**About this task:**
Among the lines below, the one containing "For sale early" opens the range and the one containing "TCL เครื่องปรับอากาศ Inverter" closes it. Print that range exactly, without the pictures.

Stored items
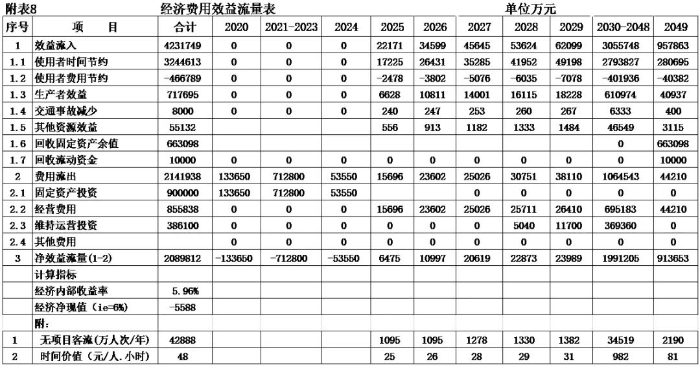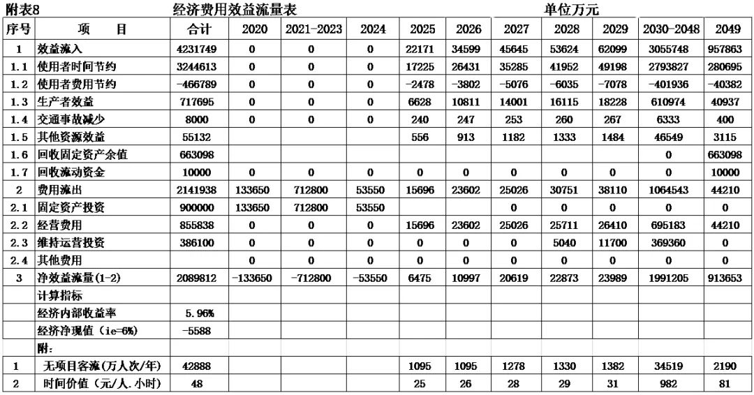 《原可研報告》經濟費用效益分析中,所采用的“有無對比”分析方法,對“無項目”方案的理解存在誤區,高估項目經濟效益,經濟內部收益率為9.5%。本文按《原可研報告》的線路方案重新界定“有無”項目范圍。“有項目”為擬建設地鐵線路,線路長約15公里。“無項目”與有項目范圍內相對應的現有公共交通通道,“無項目”客流以現有公交客流為主及“有項目”影響范圍的公交線路的客流。“無項目”客流量所涉及范圍內交通量現狀調查數據,預計遠期略有增長,見附表8。該線路平均運距7公里,地鐵出行時間26分鐘(包括步行、等待等時間),25年平均票價率2.328元/人.次。“無項目”出行以公交為主,時間為50分鐘(包括步行及等待時間),公交票價2元/人.次。時間價值采用工資法計算,見附表8。項目社會折現率取6%。
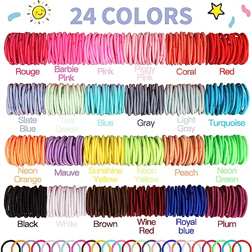 24 COLORS 312PCS SMALL HAIR TIES Contains a set of 312 elastic hair ties in a variety of 24 different bright colors. 312 count hair bands are enough braiding different hairstyles or sharing with friend, good quality and abundant quantity serve you a long time. The hair elastic is 2 mm in thickness, 2 cm in diameter, which is perfect for newborns, toddlers, baby girls, little girls, big girls,etc.
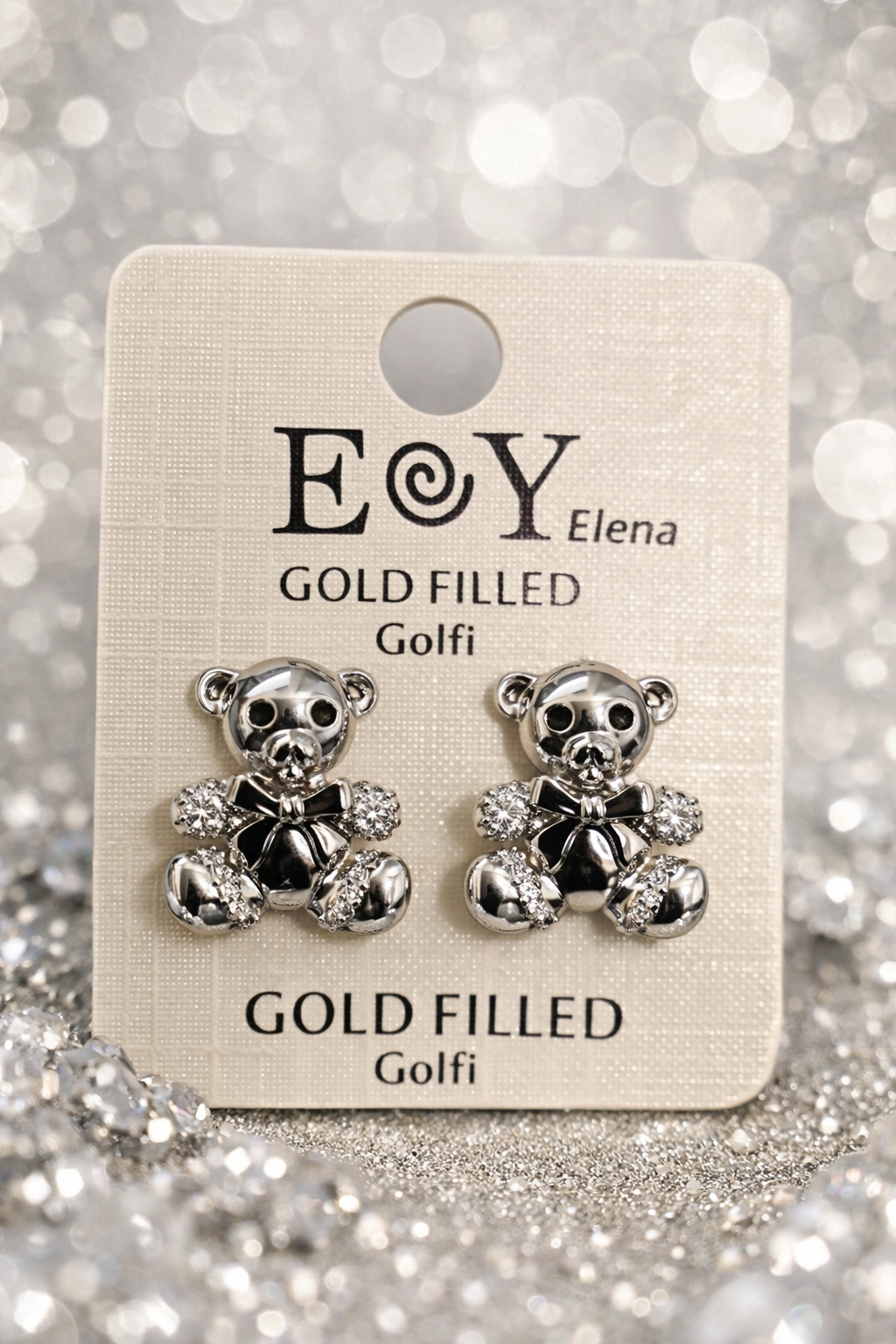 Estos adorables pendientes con forma de osito destacan por su diseño delicado y brillante. El pequeño lazo en el pecho aporta un toque elegante y femenino que los convierte en un accesorio perfecto para cualquier ocasión.
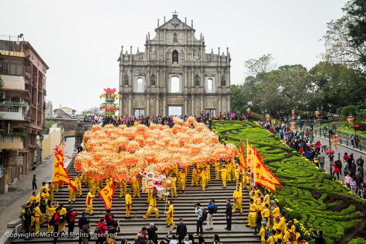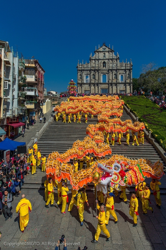 A kick-off ceremony will lift curtains upon the Golden Dragon Parade at the Ruins of St. Paul’s on the 1st day of Lunar New Year (1 February). At 10:30 a.m., the God of Fortune will distribute golden ingots as symbols of happiness and riches. At 11:00 a.m., officials of MGTO, Municipal Affairs Bureau and Cultural Affairs Bureau will officiate the eye-dotting ceremony for the golden dragon and dancing lions. The 238-meter-long golden dragon, joined by 18 dancing lions, will undulate along the route covering: Ruins of St. Paul’s, Senado Square, Calçada do Tronco Velho, St. Augustine’s Square, Rua Central, Travessa do Paiva, Sede do Governo, Travessa do Padre Narciso, St. Lawrence’s Church, Lilau Square, Rua da Barra, A-Ma Temple, Avenida Panorâmica do Lago Sai Van, roundabout at Nam Van Lake and Sai Van Lake Square, to pass on festive blessings to all residents and visitors in Macao.
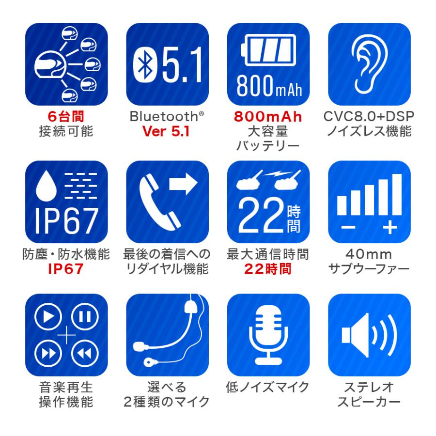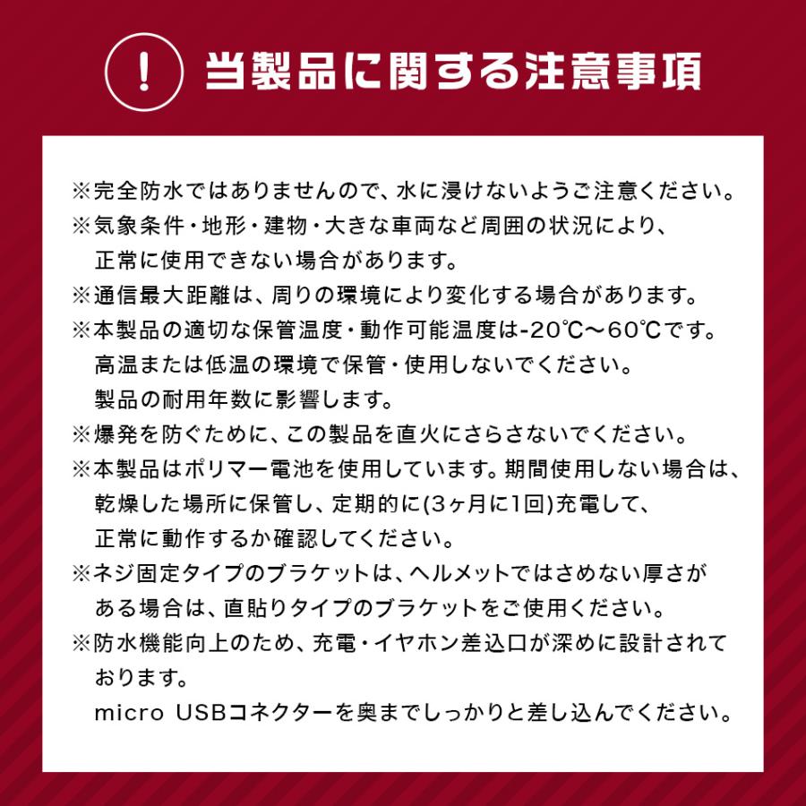安心のヵ月保証台接続可能人の間でのようにハンズフリ通話ができますさらに接続でスマトフォンミュジックプレイヤの音楽をステレオ高音質で聴けますスピカの品質も向上相手の声や音楽もクリアに聞こえます聞き取りにくい音もカットするノイズキャンセラ搭載防水機能でにわか雨でも大丈夫ツリングサイクリング建設現場ウインタスポツに仕様本体サイズ約幅高さ厚みペアリング通話可能数機ペアリンググルプ数機と同じ機種インカムとのペアリングも可能最大通信距離約直線距離環境により変動使用可能時間約待機時時間 使用時時間バッテリ容量充電時間約時間防水生活用防水ノイズキャンセラ搭載対応 他携帯からの着信可能接続での充電商品内容本体 マイクスピカ ケブル 固定用ブラケット 英語版取扱説明書 お得なセット販売 個 個セット 個セット 個 個セット 個セットの場合梱包サイズの関係により個口以上になった際は個口につき円のお手数料が加算されます当店は販売専門店となりますメカではないため専門的なご質問適合や取付使用方法等にはお答えできない場合があります入荷状況により細かな仕様変更がある場合がございますその場合は現品が優先されます予めご了承ください当店の商品はすべて海外からの輸入品となります通常取扱説明書は製造元が用意するものですが商品製造の海外製造元は説明書をご用意しておりません製品の仕様設置や組み立てに関しては商品ペジの詳細や画像にてご確認ください
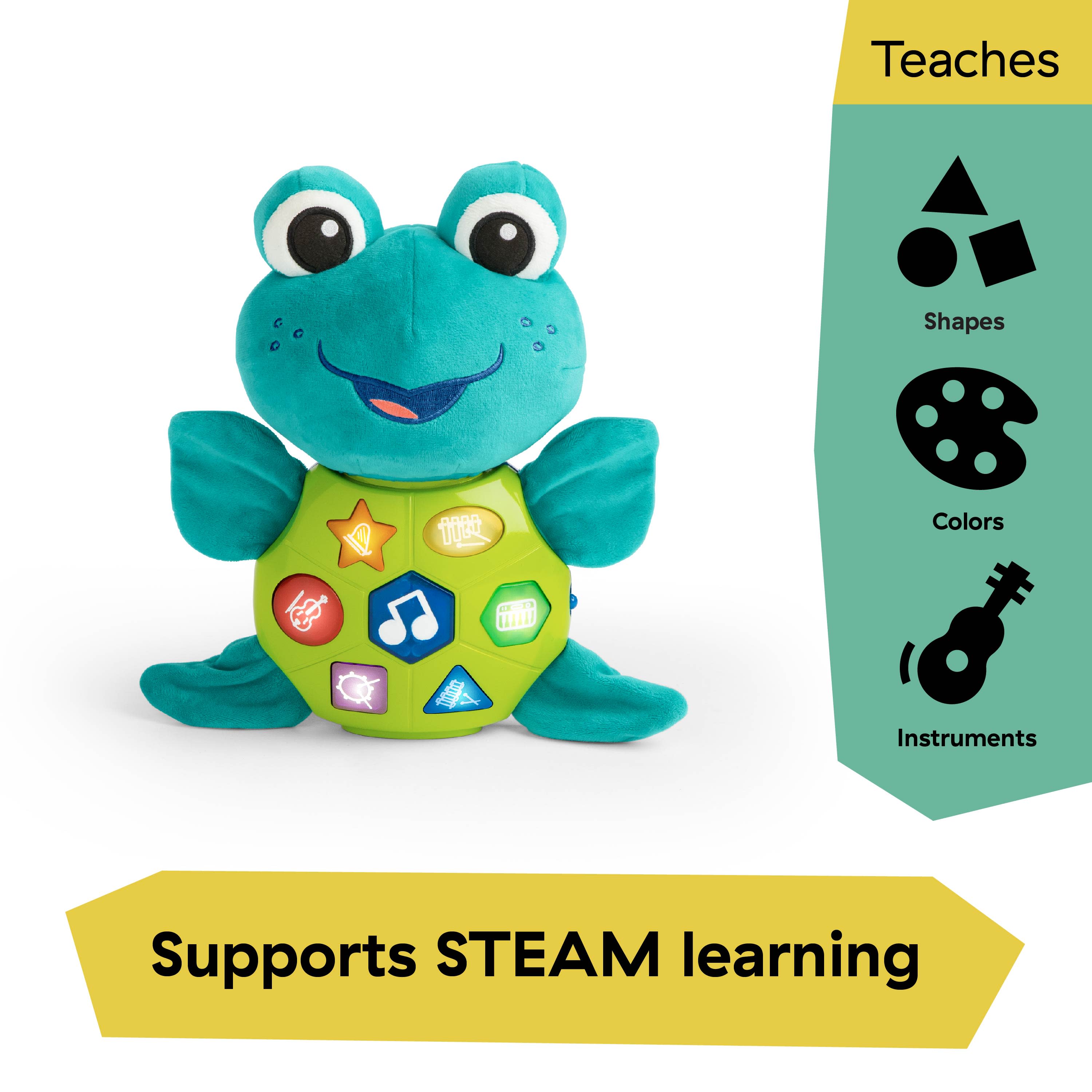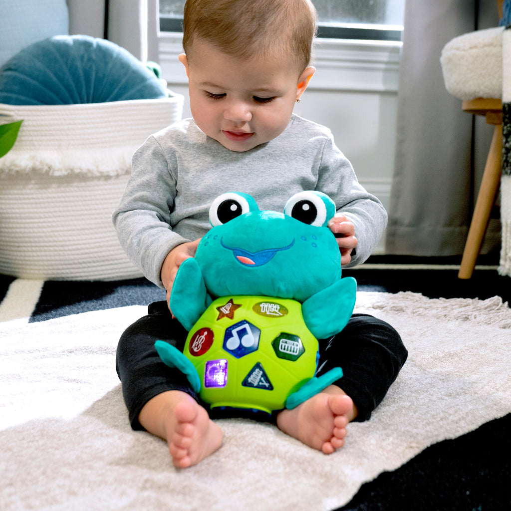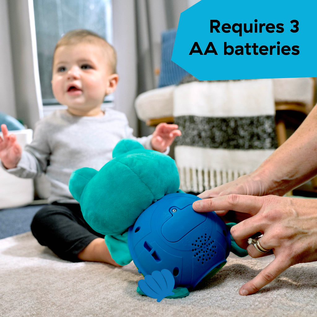 The Baby Einstein Ocean Explorers Neptune’s Cuddly Composer Musical Discovery Toy is a soft plush that comforts and entertains baby as they explore colors, shapes, and music. Featuring 50+ melodies and sounds, 3 languages, lights, and 3 modes of play, baby will love to explore music, words, and textures in this multi-sensory toy. 3 modes of play: A press of Neptune’s shell in Composer Mode lets baby play 8 classical melodies and explore 6 instrument sounds. Learning Mode includes colors, instruments, and shapes in 3 languages -- English, French, and Spanish. Ocean Sounds Mode lets baby explore and layer ocean and water sounds. Every press of Neptune’s shell stimulates baby’s cause and effect skills and helps baby explore instrument sounds, shapes, and more. 6 instrument sounds in all – marimba, percussion, electric piano, xylophone, harp, and bass. Features Neptune the Turtle from Baby Einstein Ocean Explorers. For ages 6 months and up. Requires 3 AA batteries. Plush wipes clean.
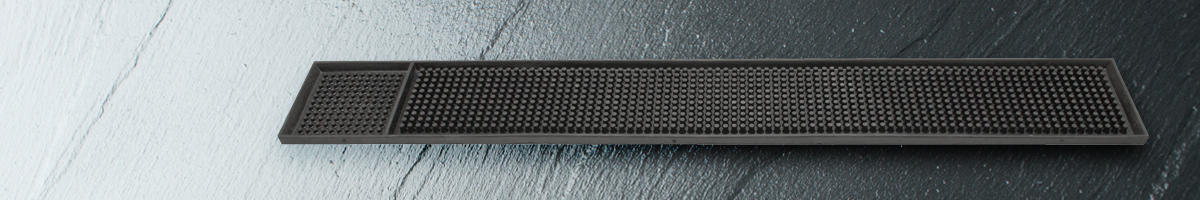 The bar mat is a pad on the bar counter on which cocktails are prepared and served. It is used to protect the work area and to collect spilled liquids. Bar mats can be found in different shapes, colors and materials. The shape of the bar mat is determined by its area of application. A distinction is made between work area and service area bar mats. Bar mats are made of rubber, fabric (neoprene) or metal. The rubber mats are available in different colors, sizes and thicknesses as well as with different knob sizes. In addition, rubber bar mats usually have an edge to keep spilled liquids inside the bar mat. Generally, rubber bar mats are not dishwasher-safe, as they tend to deform at high temperatures.
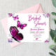 Purple Floral Flowers Butterfly Bridal Shower Invitation
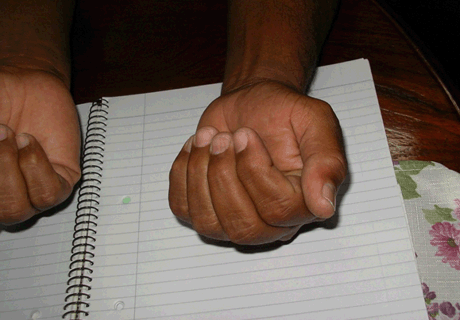 A 52-year-old male presented with no significant medical history prior to CHIKV infection. This patient had contracted CHIKV infection in April 2006 and suffered from severe arthralgia. Since then, the patient complained that his joint symptoms did not resolve completely and he was regularly experiencing pain, stiffness and swelling in knee, wrist and ankle joints. This patient had morning stiffness daily lasting 15–20 minutes. In addition, he complained of regular cramp-like tightening of muscles accompanied by severe pain at night. He also suffered from an inability to clench his fist in both hands as can be observed in Figure 7. He was also unable to grip objects; he had difficulty in holding the steering wheel of his car and thus had to give up driving. These symptoms had started since the CHIKV infection. The patient felt that his left side was more affected with joint pain and weakness. The patient also reported that the residual symptoms post-CHIKV infection had affected him considerably on a psychosocial level since these symptoms restricted his daily activities. Moreover, the patient complained of an unusual bony swelling on his left knee (Figure 8) following a period of prolonged joint swelling of his left knee after the CHIKV infection. On examination the swelling was hard, bony and non-tender. It restricted the range of movement at the knee especially during kneeling. It is to be noted that there was no prior history of knee injury. The swelling was diagnosed as a prominent tibial tuberosity on left knee which arose subtly after the CHIKV infection.
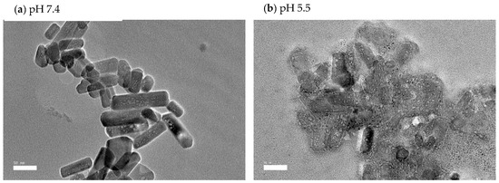 The pH levels of all samples were determined to evaluate the alkalisation or neutralisation ability of the nCA, as shown in Figure 10c. The alkalisation abilities of the nCAs in both media were higher at pH 5.5 than at physiological pH 7.4. Ishikawa et al. [58] have proposed that carbonated hydroxyapatite nanoparticles increased the pH to about 7.4. The buffering capacity of nCA in both solutions at different pH levels confirms the nCA’s ability to alkalise the tumour microenvironment, which will help to decrease metastasis and tumour growth [58,59]. Since the function of calcium is the intracellular signal transducer, the extra calcium release from nCA may affect cellular signalling via increasing endoplasmic reticulum (ER) stress and induction of reactive oxygen species (ROS). However, calcium is the lowest toxic metal among others such as Ni2+, Cu2+, and Zn2+, even though it is an essential metal inside the human body and plays a critical role in regulating metabolism [59]. The FESEM micrographs of nCA in simulated lung fluid confirm the distortion of nanoparticles with reducing pH, as shown in Figure 12a,b.
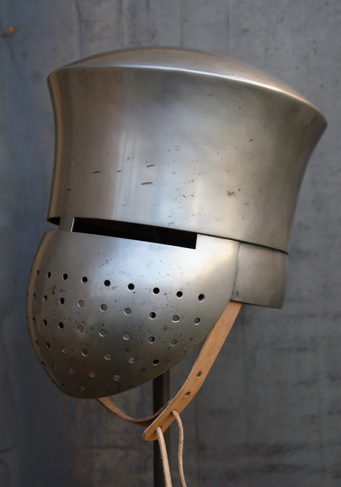 For sale early great helm made by the polish blacksmith Patryk Nieczarowski.
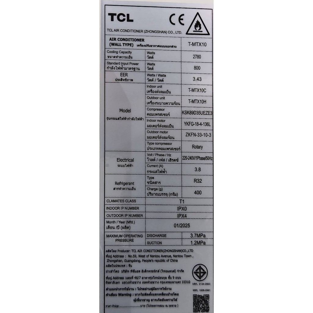 TCL เครื่องปรับอากาศ Inverter 9,500 BTU รุ่น T-MTX10C |ZWF|
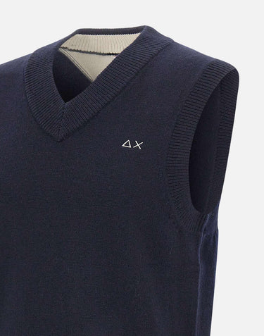 Sun68 men's vest in soft wool and cashmere, navy blue, with a V-neck and ribbed trim. The embroidered logo on the chest adds a distinctive touch to this essential piece, ideal for layering over shirts or sweaters for a refined and versatile style.
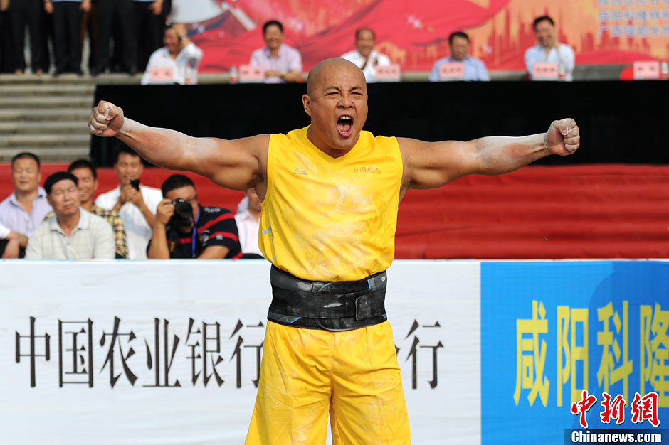10月9日,2013年中国大力士挑战赛于陕西咸阳开赛,竞赛项目包括抱石球、提重物、挑重物、拉汽车等,赛期为10月9日至10日,来自国内外的22名选手参赛。张远 摄

**Solution for this problem:**
 For sale early great helm made by the polish blacksmith Patryk Nieczarowski.
 TCL เครื่องปรับอากาศ Inverter 9,500 BTU รุ่น T-MTX10C |ZWF|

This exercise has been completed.